On the international Internet, it typically takes 300 milliseconds for
data to reach its Internet destination and the response to be returned (ping
time). Over satellite links, this
“ping” time is 600 milliseconds. The
amount of data a system can send before it waits to receive an acknowledgement
is called the “window size.” If the
window size is too small, the system spends time waiting for acknowledgements
instead of sending data.
RFC 1323 is the Internet standard to improve TCP performance on high bandwidth, long delay links. The algorithms documented in this standard are included along with the packet recovery techniques in the RELIA implementation.
In the standard
international Internet environment of 4 per cent packet loss and 300
millisecond ping time, RELIA’s RED1 technology throughput is 884% of TCP’s
throughput. Similar advantages are
available at other combinations of packet loss and delay.
In testing against groups of
8 packets being lost out of every 200, with
a ping time of 600 milliseconds, the RELIA technology lost its
connection only 1/9 (11 per cent) as often as the TCP connection was lost. This difference will grow even more in
RELIA’s favor as the technology evolves
This chart shows the superior performance of the various RELIA extension technologies as compared to naked TCP when subjected to the International average 4 per cent packet loss over Local(10ms), National(80ms), International(300ms), and Satellite(600ms) ping times.
Performance on the international Internet and satellite Internet at 2
per cent packet loss
The Relia technology sends
redundant packets , enabling the receiving side to reconstruct the missing
packets and eliminate TCP’s “time out and retransmission”(the sender waits some
multiple of the ping time before retransmitting if it hasn’t heard an
acknowledgment). The patent filing
covers a variety of techniques to accomplish recovery without
retransmission.
The RelSock demonstration implementation allows the user
to easily select redundancy levels RED1(good for recovering single packet
losses), RED2(good for recovering pairs of lost packets), RED4(good for
recovering groups of up to 4 lost packets), or RED8(good for recovering groups
of up to 8 lost packets).
As would be expected, the
different redundancy levels offer advantages as the packets are lost in groups
instead of one-at-a time. The default selection in the current demo is RED2.
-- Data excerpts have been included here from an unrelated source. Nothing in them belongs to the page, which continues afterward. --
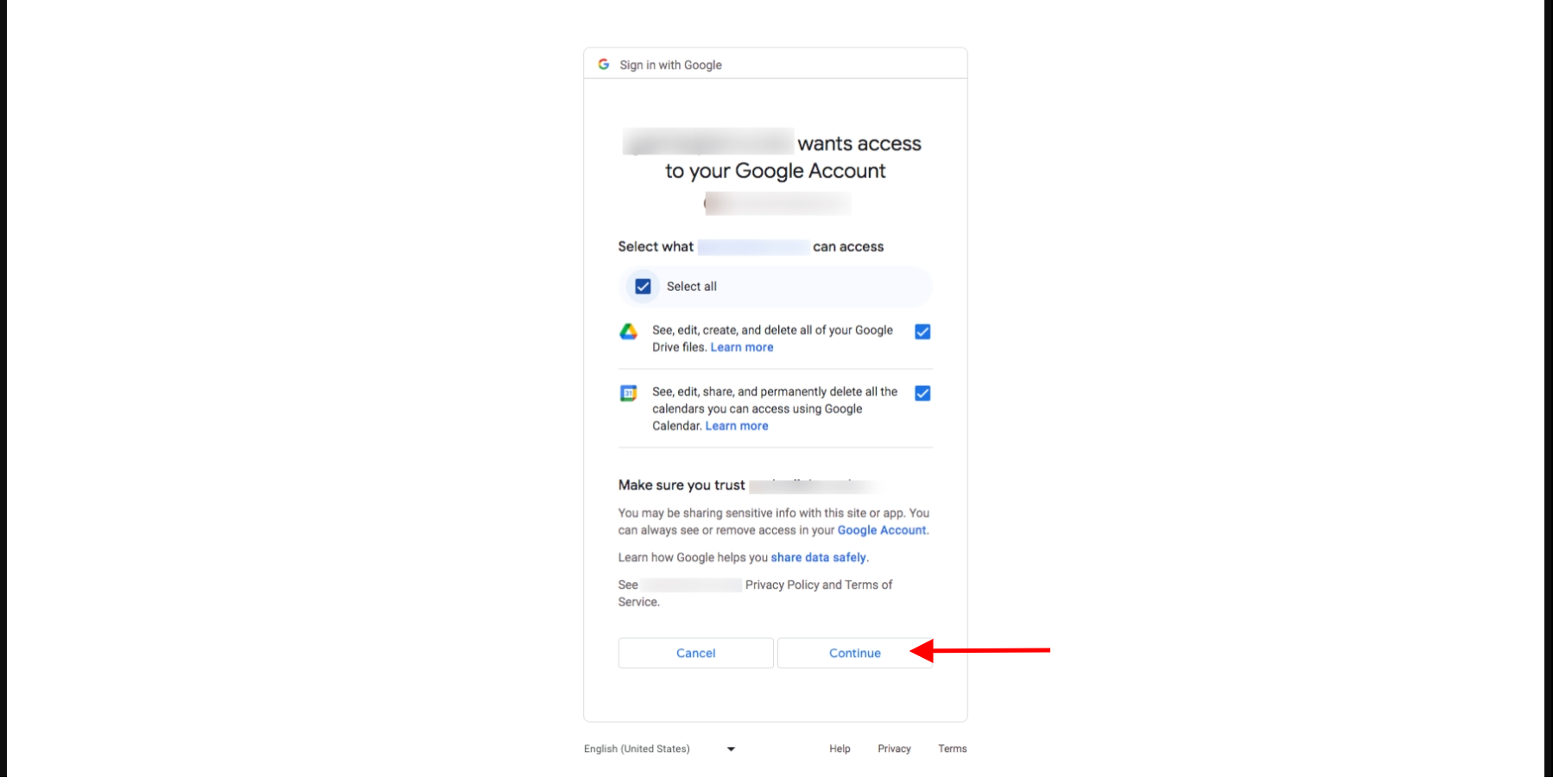NB: If you need to verify your app, please check out the article here on how to go about this. Else you can proceed with the authentication and check all selections as illustrated below and click on the continue button: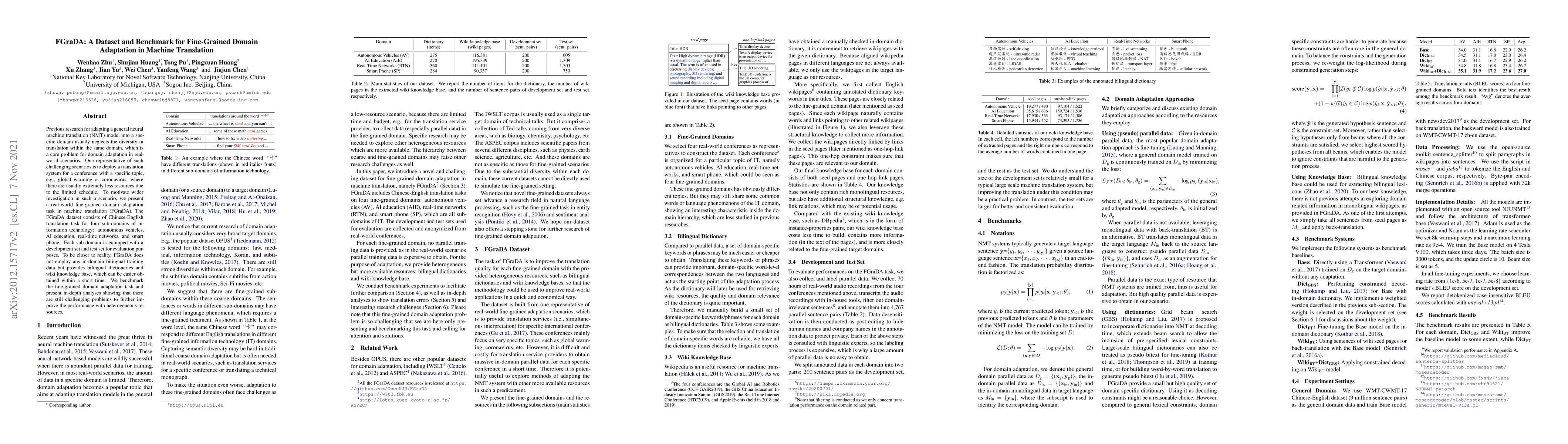 Previous research for adapting a general neural machine translation (NMT) model into a specific domain usually neglects the diversity in translation within the same domain, which is a core problem for domain adaptation in real-world scenarios. One representative of such challenging scenarios is to deploy a translation system for a conference with a specific topic, e.g., global warming or coronavirus, where there are usually extremely less resources due to the limited schedule. To motivate wider investigation in such a scenario, we present a real-world fine-grained domain adaptation task in machine translation (FGraDA). The FGraDA dataset consists of Chinese-English translation task for four sub-domains of information technology: autonomous vehicles, AI education, real-time networks, and smart phone. Each sub-domain is equipped with a development set and test set for evaluation purposes. To be closer to reality, FGraDA does not employ any in-domain bilingual training data but provides bilingual dictionaries and wiki knowledge base, which can be easier obtained within a short time. We benchmark the fine-grained domain adaptation task and present in-depth analyses showing that there are still challenging problems to further improve the performance with heterogeneous resources.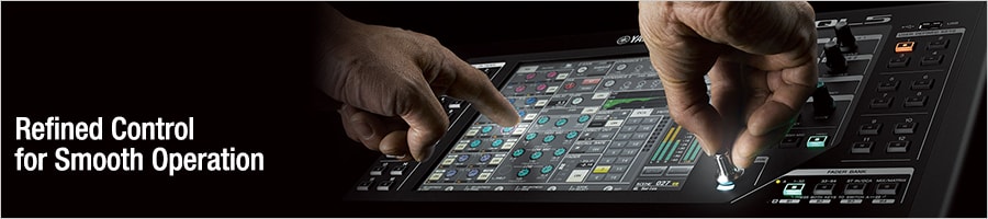 The Yamaha Selected Channel interface provides a comprehensive overview of available channel parameters with direct selection capability via its large touch-panel display. The display is the same type that was provided on the CL series consoles, offering high visibility and smooth response for stress free operation. Hands-on control via dedicated physical controllers as well as an innovative Touch and Turn knob provides speedy access to essential QL console parameters for a fast, efficient workflow.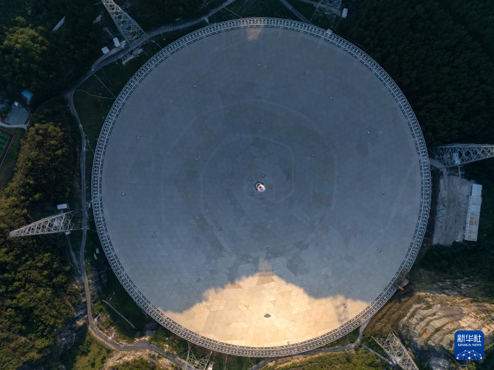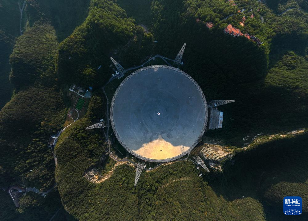 中国天眼在落日余晖中(无人机照片,维护保养期间拍摄,9月25日摄)。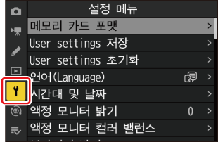 설정 메뉴에는 다음 항목이 포함되어 있습니다.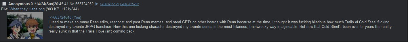 >>561991546>what was it about?in 2023 (someone correct me if i'm wrong) luke did a "best of /fg/" type thing where he read the funniest comments to funny music. he started with falcom twitter, making a video about siska the rean fangirl not liking his video shitting on rean, he infiltrated the falcom subreddit disguised as an elise schwarzer fan and caused them to go crazy too. it was very fun to watch. he then went after geofront, starting with ribose and floofy, exposing them to over a thousand views, and right after that this place turned on him, so he ended the series after maybe 3 epsiodes. thinking back, it really highlights how much funnier and happier this place used to be. now it's just this one dude doing a text-based let's play because he think /fg/ is lparchive.org.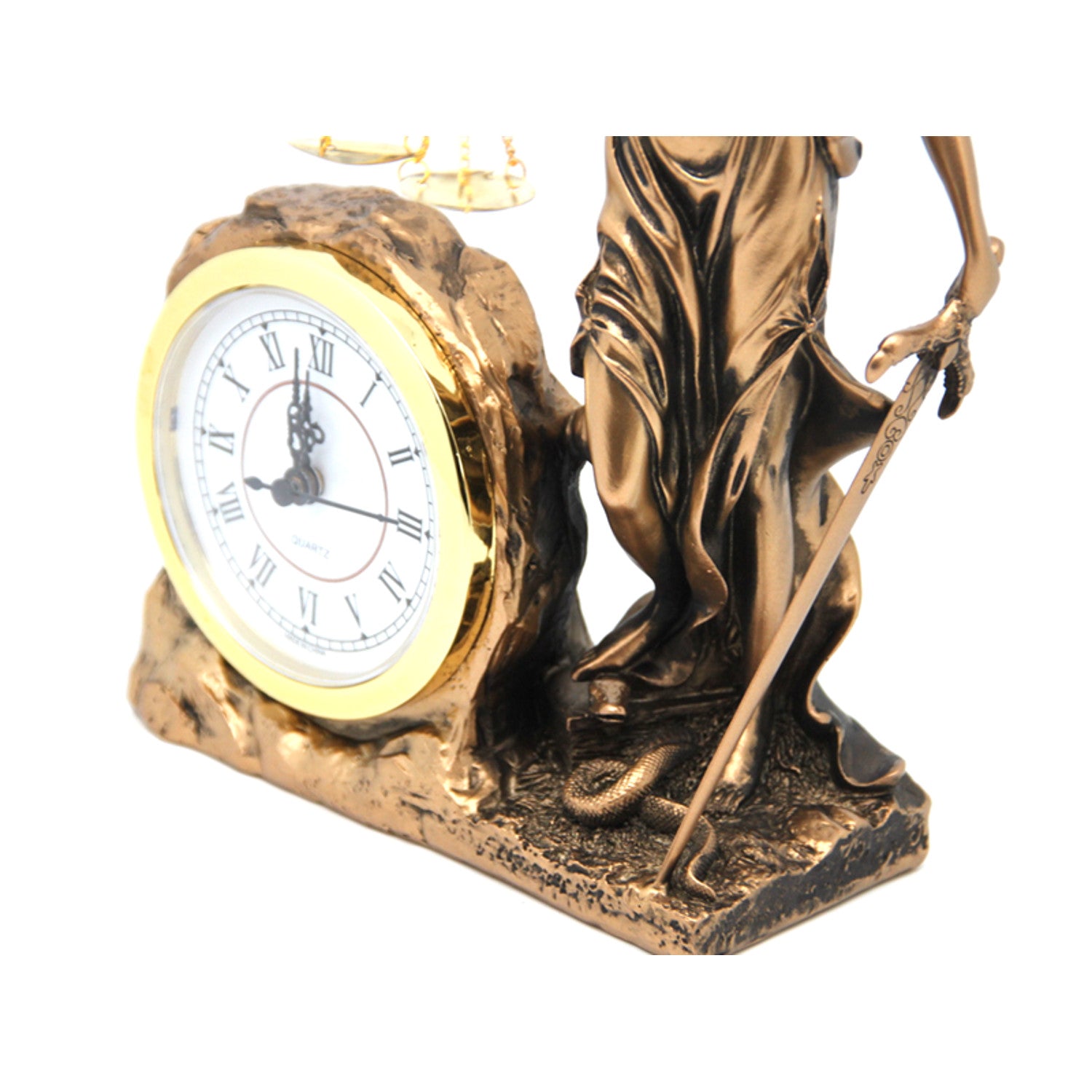 Figurka bohyně spravedlnosti Temidy, hodiny, královna Isabel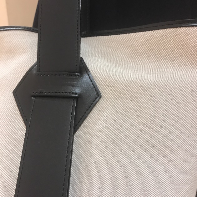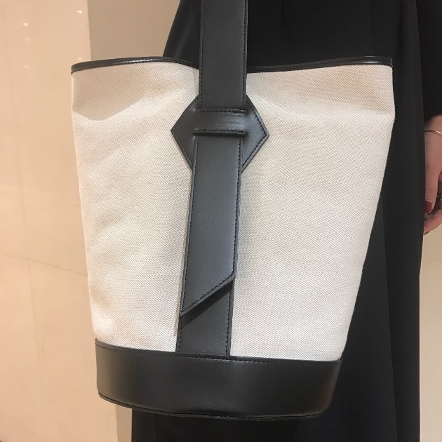 ストロー素材と牛革の異素材の組み合わせが高級感あるデザイン。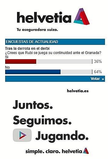 En ESTADIO Deportivo hemos querido pulsar la opinión de los aficionados con la 'Encuesta Helvetia', con una pregunta muy directa: ¿Crees que Rubi se juega su continuidad ante el Granada? Y pese al enfado que existe en el beticismo por la derrota y la imagen de su equipo ante el Sevilla FC, un 64% de los participantes en la encuesta se decanta por pensar que Rubi no se la juega, por lo que seguiría en su cargo pase lo que pase ante el Granada.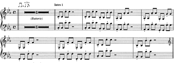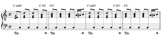 La basse, tenue par la main gauche, est pour sa part très “blues”. Très simple également, elle répète un même motif à base de noires d'un bout à l'autre de la partition.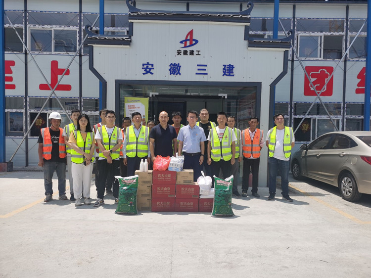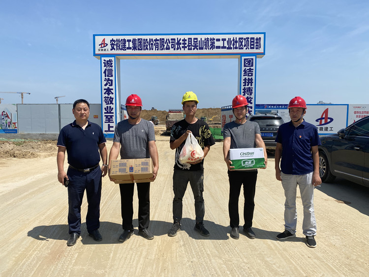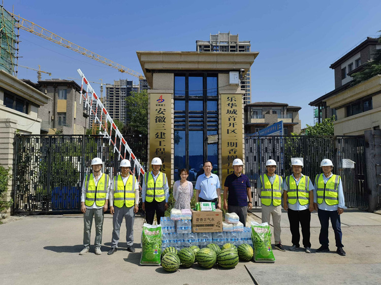 自7月13日開始,基礎(chǔ)公司領(lǐng)導(dǎo)班子成員先后前往長豐縣吳山鎮(zhèn)第二社區(qū)等6個(gè)項(xiàng)目開展送清涼活動(dòng),為在高溫下作業(yè)的一線工作人員送去礦泉水、綠豆、白糖、藿香正氣水等防暑降溫用品,給他們送去烈日下的清涼和關(guān)懷。 基礎(chǔ)公司經(jīng)理、支部書記袁學(xué)明代表基礎(chǔ)公司,對奮戰(zhàn)在項(xiàng)目一線正在進(jìn)行工程基礎(chǔ)施工的項(xiàng)目職工進(jìn)行了慰問,同時(shí)提醒大家要靈活安排工作,注重崗位安全,在工作的同時(shí)要注意防暑降溫,增強(qiáng)自我安全防范意識(shí),確保身體健康。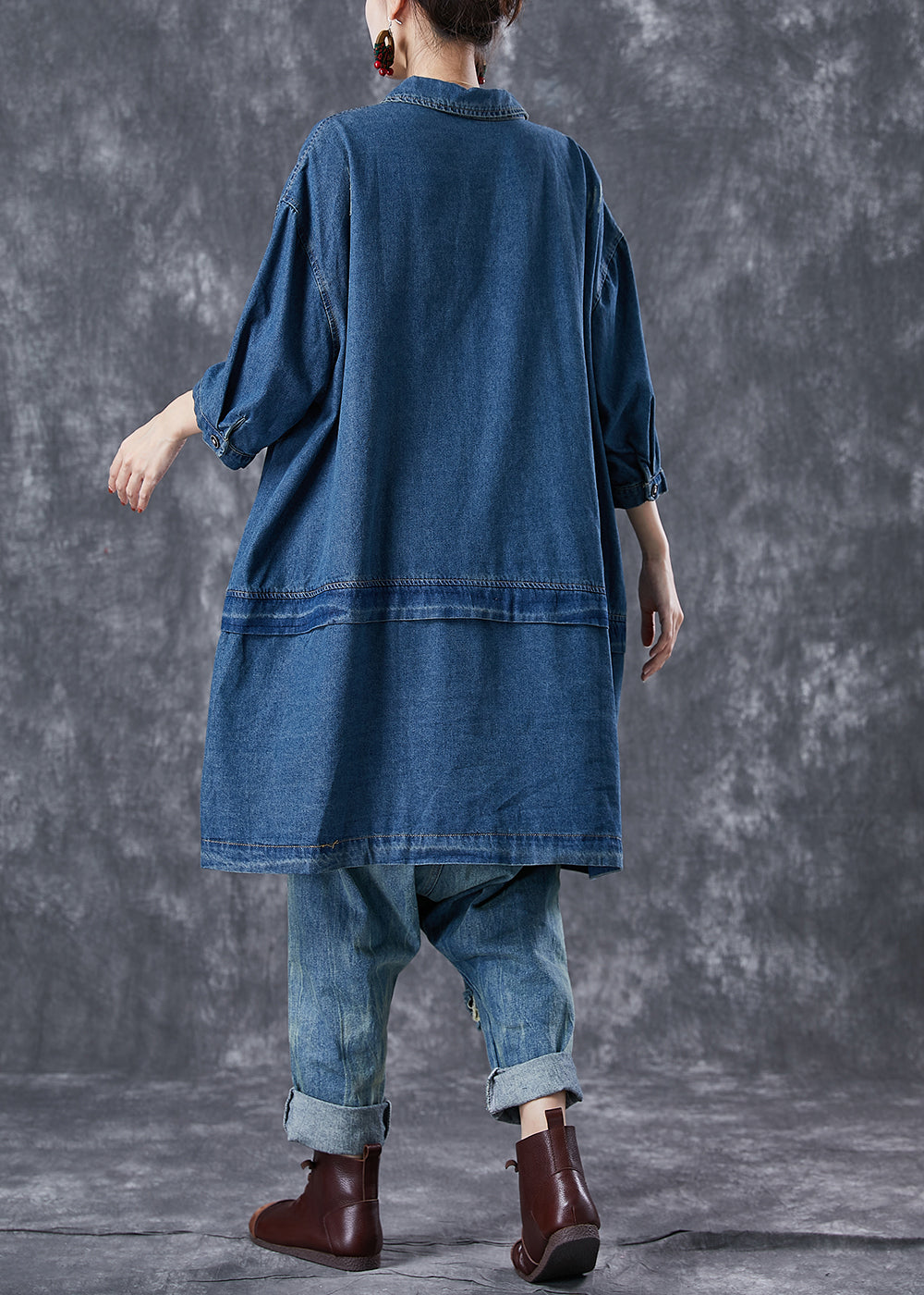 Casual Navy Oversized Patchwork Denim Ripped Trench Coats Bracelet Sleeve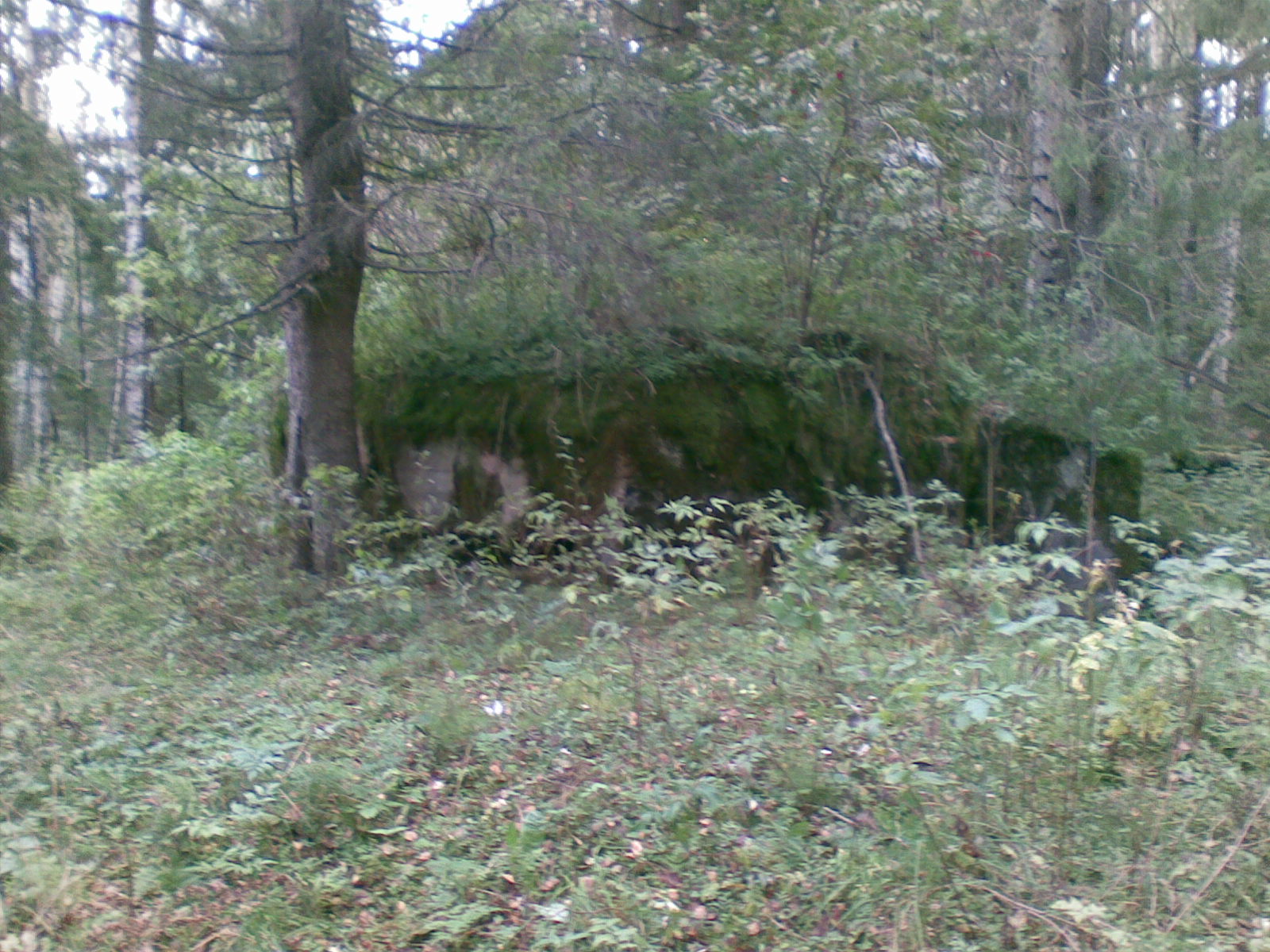 Трехамбразурный дот. Конечно, один этаж. Амбразуры смотрят классически на север, запад, юг. В основном каземате - южная, западная и ФВУ, в отдельном - северная. Отличается хорошим состоянием. Похоже до меня тут были только истинные краеведы. Готовый музей- только табличку повесить. Дот малоизвестный. Он наверно из тех, что "кауроведы" не рассекретят ни при каких условиях. Я к ним присоединяюсь. Скажу только, что находится .... в лесу. И это будет чистая правда. Просто так натолкнуться на него в этих дебрях практически невозможно, GPS в этом лесу сигналы не принимает, только на полянке у дота, где я и убедился, что нахожусь в требуемой точке. А если бы я ее не знал .....Было бы как в прошлый раз, когда не дошел 200м. Да и за 50м не увидел бы. Так что у него есть хорошие шансы и в будущем сохранить свою "целостность".

CONCLUSION: In all cases of international and satellite
Internet connections, RELIA technology
significantly out-performs Naked TCP.
In
our testing (NT to NT ) losing a group of 8 packets out of 200 with 600
milliseconds ping time, sending a suite of 10 files, each slightly larger than
a megabyte:
NAKED TCP: TCP connection was lost
before all 10 files were transferred in 72 out of 113 trials (63 per cent of the time)
RED1, RED2, RED4, RED8: These connections use a
conventional TCP connection to establish the RELIA connection, and it appears
this process is still vulnerable to connection loss, this vulnerability will be
reduced in future versions of the technology. With today’s demonstration
version the RELIA connection was lost before all 10 files were transferred in 8
out of 120 trials (7 per cent of the
time)
CONCLUSION: When 8 packets in a row are lost at an
overall packet loss rate of 4 per cent and a satellite delay, The RELIA
connections are 9 times more robust than NAKED TCP.
RELIA technology offers the software application developer dramatically higher performance and reliability extensions to TCP when compared in the harsh international and satellite Internet environment.